Bingley! You've gone Carpal too! CONGRATULATIONS!!

What contact was there between Latin speakers and Persians at the time when barbicans were being built?

I don't know about the missing language links, Bing, but I can tell you something about the historical connections. At the turn of the first millenium AD, in the last centuries BC, the Western Eurasian Steppe was inhabited by the Iranian Scythians; they gave way to the, Iranian again, Sarmatians - these people used a lot of ornate weaponry and gilt in their swords and jewelry. Around 2AD, I think, the Goths came into the Western Steppe from the Baltic. There followed a significant intermixion of the cultures of the Goths and the Sarmatians and what is currently referred to as the Gothic style is actually ascribed to the Sarmatians. The Mongols (?4-5AD) came in from the Eastern Steppe and displaced the nomadic Goth-Sarmatians into the very heart of Western Europe. With them they took the Iranian language, religion, and culture into Western Europe and these influences are seen to this very day. There was one Sarmatian tribe, I forget the name, that to this day lends its name to a city/town in France.

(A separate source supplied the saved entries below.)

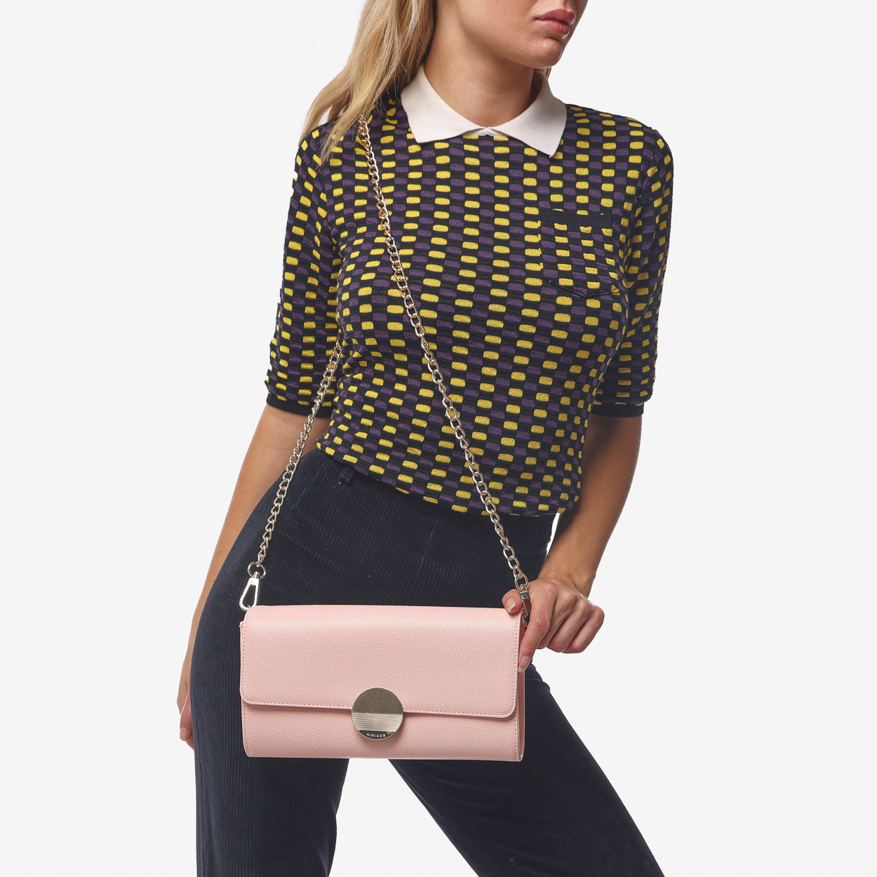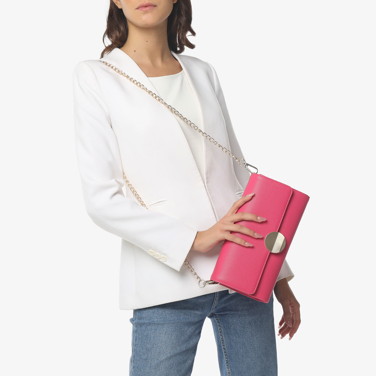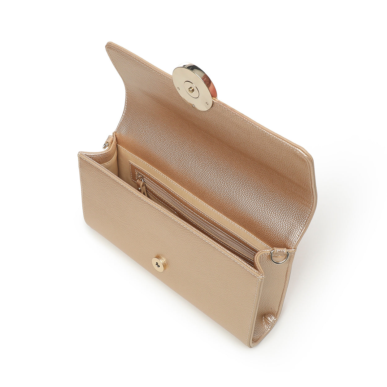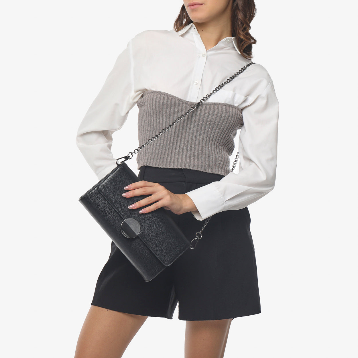 The Pochette RADIOSA by Miriade is your go-to accessory for a night out, blending elegance with practicality. Its compact design is perfect for evenings, and the adjustable chain strap lets you wear it as a clutch, over the shoulder, or crossbody. The magnetic closure keeps everything secure and easily accessible. Inside, a small beauty bag provides extra space for essentials. The sophisticated texture and metallic details add a touch of class that stands out.
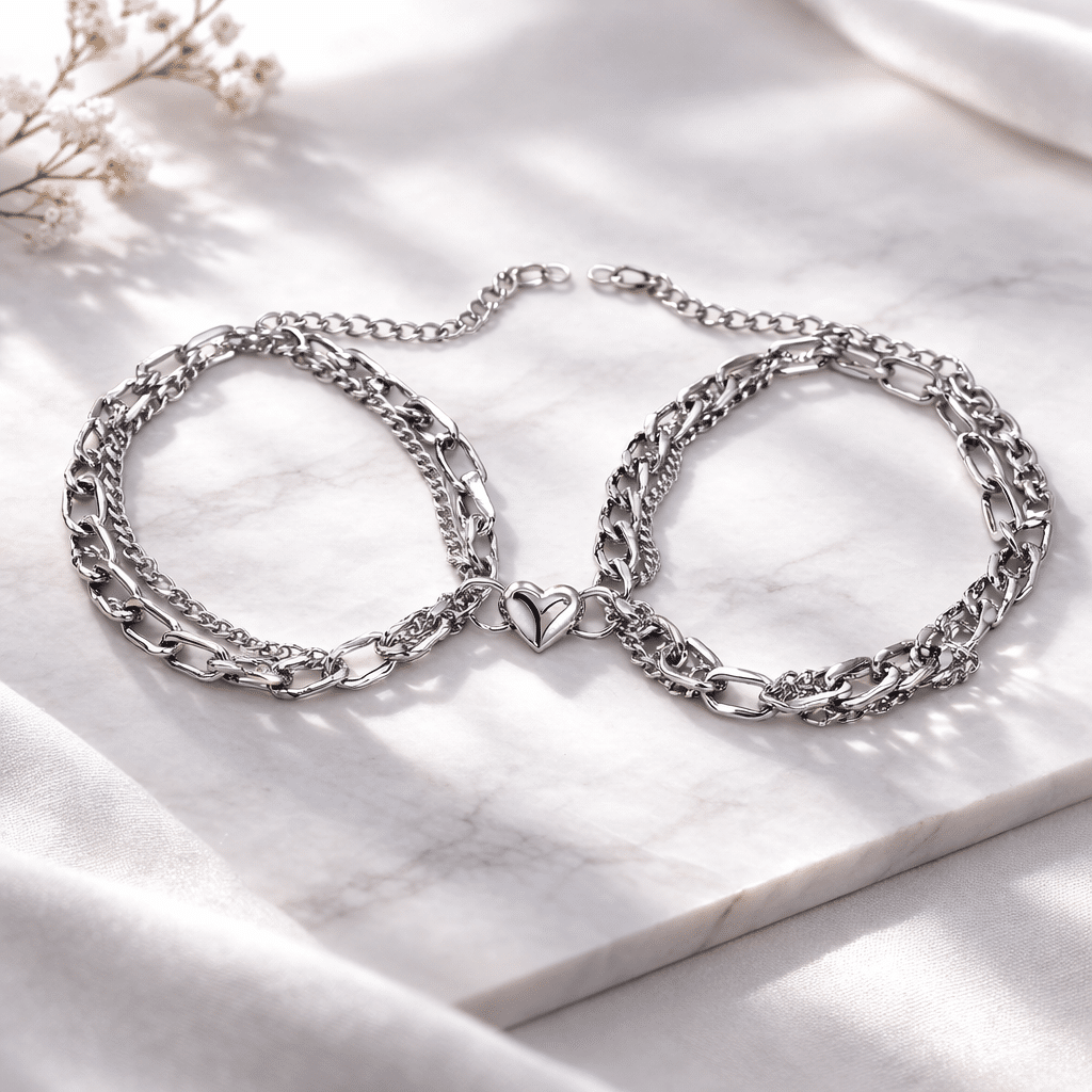 Ces bracelets couple aimantés double chaîne sont parfaits comme cadeau de couple, pour marquer une relation ou offrir un souvenir affectif qui se porte et se voit tous les jours.
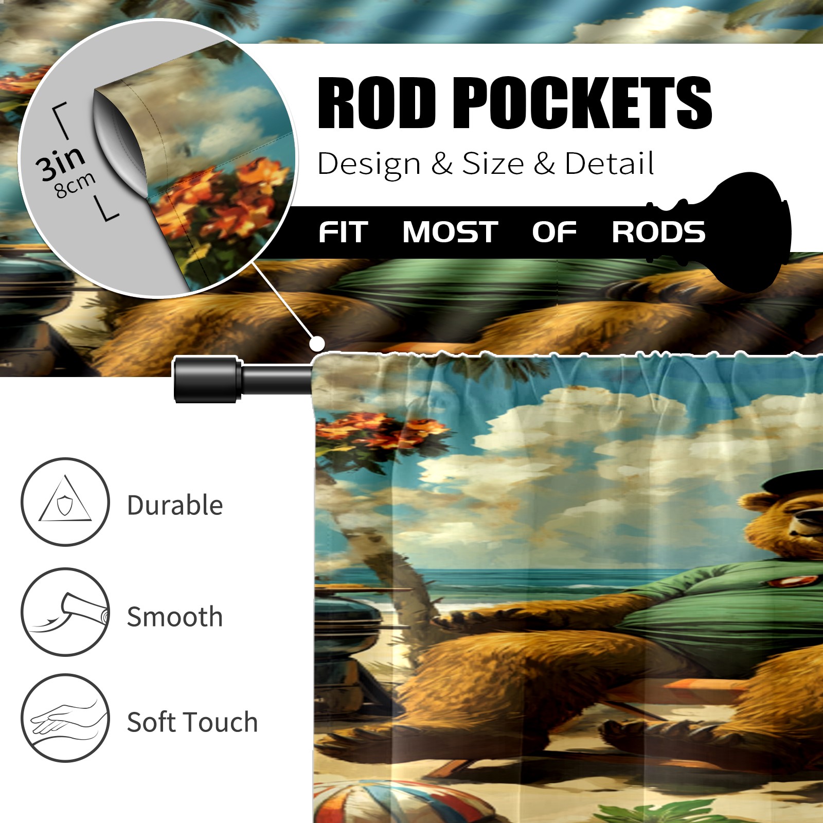 Шторы-панно для дома, декоративные драпировки для гостиной и спальни, легкие и прочные, Resting Bear Pattern
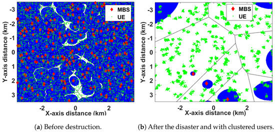 For the proposed AG-HetNet, UABSs are initially deployed on fixed hexagonal locations within the simulation area () as shown in Figure 6. In Figure 6a, we illustrate the UABSs’ deployment on the fixed hexagonal location when 50% of the MBSs are destroyed, and in Figure 6b, when 95% of the MBSs are destroyed. Each UABS sends its 2D location coordinates and the system-level resources allocation for a GUE to an edge server, and using the brute-force algorithm described in Algorithm 1, the two KPIs of the AG-HetNet will be determined at the edge server. The global maxima values of the best state () of all the possible states can be vectorized into .
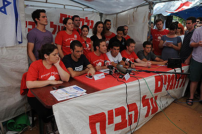 מסיבת העיתונאים במאהל. "נושאים עיניים לשולחן הזה" (צילום: ירון ברנר)
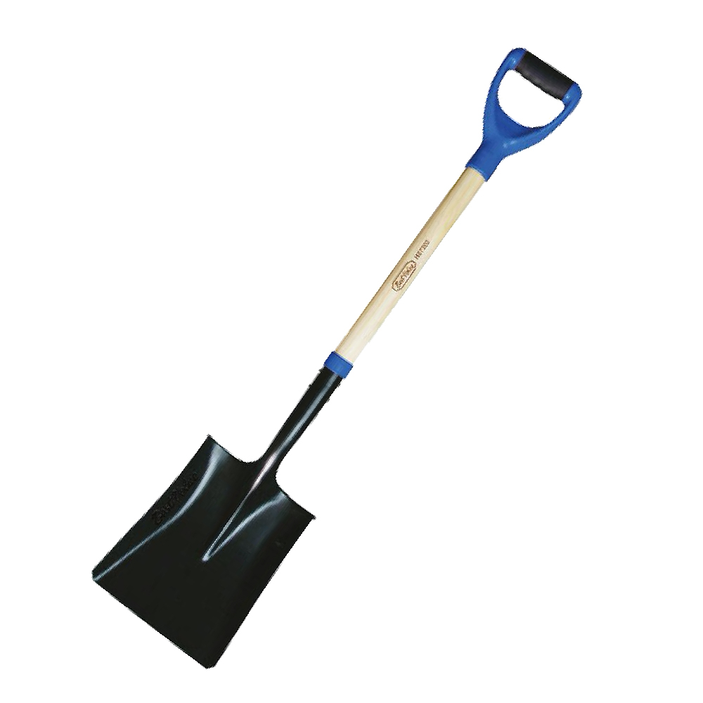 Mango de madera barnizado de 30” (75 cm). Maneral plástico en “D” metal esmaltado contra óxido, templado a una dureza de 46RC.
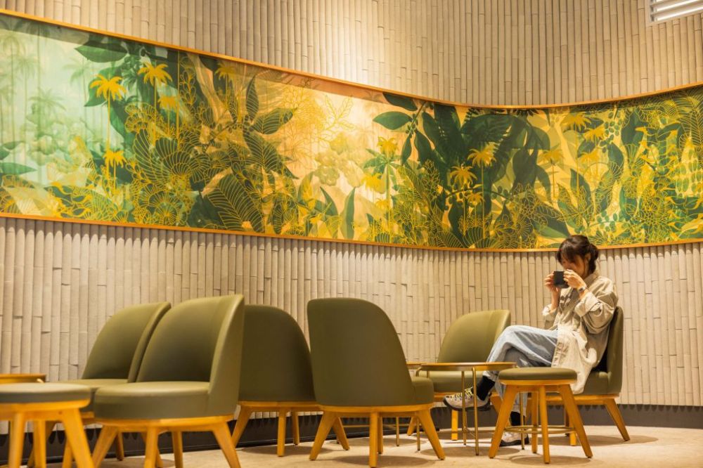 在地藝術家LEHO現場創作藝術牆面,以南港獨特風貌為靈感,巧妙融合霧(山霧、濕氣與水份)、理(南港科技園區的科技與未來)及山(南港四獸山)3大元素,將星巴克的海妖女神引入畫境,描繪典雅女神靜坐於南港城市中,穿梭於當下與未來的交界。
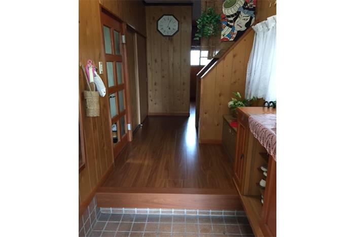 玄関ホール改装工事 床張り替え(クッションフロア・フローリング) 内装 2016.9.27 ◆After【フローリング上張り】東洋テックス:ダイヤモンドフロア◆Before【フローリング上張り】施工前 ポイント 床のタルミ解消の為、フローリングを上張しました。 使用した商品 ◆床材 東洋テックス:ダイヤモンドフロア 概算施工金額 ¥93,000 事例No.3505-99-558-012
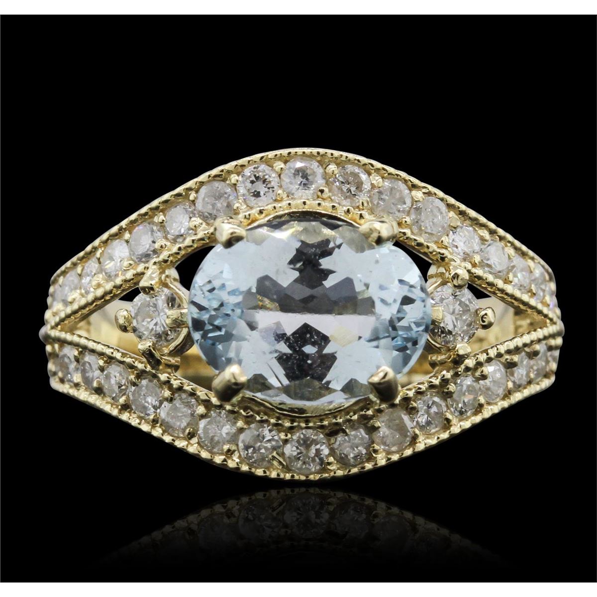 One electronically tested 14KT yellow gold ladies cast aquamarine and diamond ring. Condition is new, good workmanship. The featured aquamarine is framed by mirroring ribbons of diamonds, completed by a three millimeter wide band. Bright polish finish with milgrain detailing throughout. Identified with markings of "K14". Containing: One prong set oval mixed cut natural aquamarine, measuring 9.35 x 7.15 x 4.90mm, 8%. bulge factor, approximate weight of 1.96ct., clarity is eye clean, type I, medium light, very slightly grayish, very slightly greenish blue color, (GIA vslgB 4/3), cut is good. Transmitting light with no distortion, transparent. Refractive index testing results of 1.56 to 1.57. This is a conclusive result for Aquamarine (Beryl). Graded in the setting. Two prong set round brilliant cut diamonds, measuring 2.40 - 2.40 x 1.44mm (depth est.) approximate. Total Weight of 2 Stones = 0.12ct. Graded in the setting. Clarity: I-1 to I-2. Color: H - I Nineteen bead set round brilliant cut diamonds, measuring 1.80 - 1.70 x 1.05mm (depth est.) approximate. Total Weight of 19 Stones = 0.48ct. Graded in the setting. Clarity: I-1 to I-2. Color: H - J. Total Weight of Colored Stones 1.96ct.. Total Weight of Diamonds 0.60ct. Total Weight of Ring 5.80 grams. AIG Appraised at $3,260.00.

A castle from the region with a good example of barbican fortressing is in Dagestan in Azerbaijan. Again, the name evades my memory. This architecture is borrowed from the region of the Caucasus and the modern day Iranian plateau.

Khan is pronounced Khan-eh in Farsi and a married lady is called Khanum. Say jheem's wife (before I get another disclaimer, Bingley! ) will be respectfully addressed as, Khanum-eh-jheem!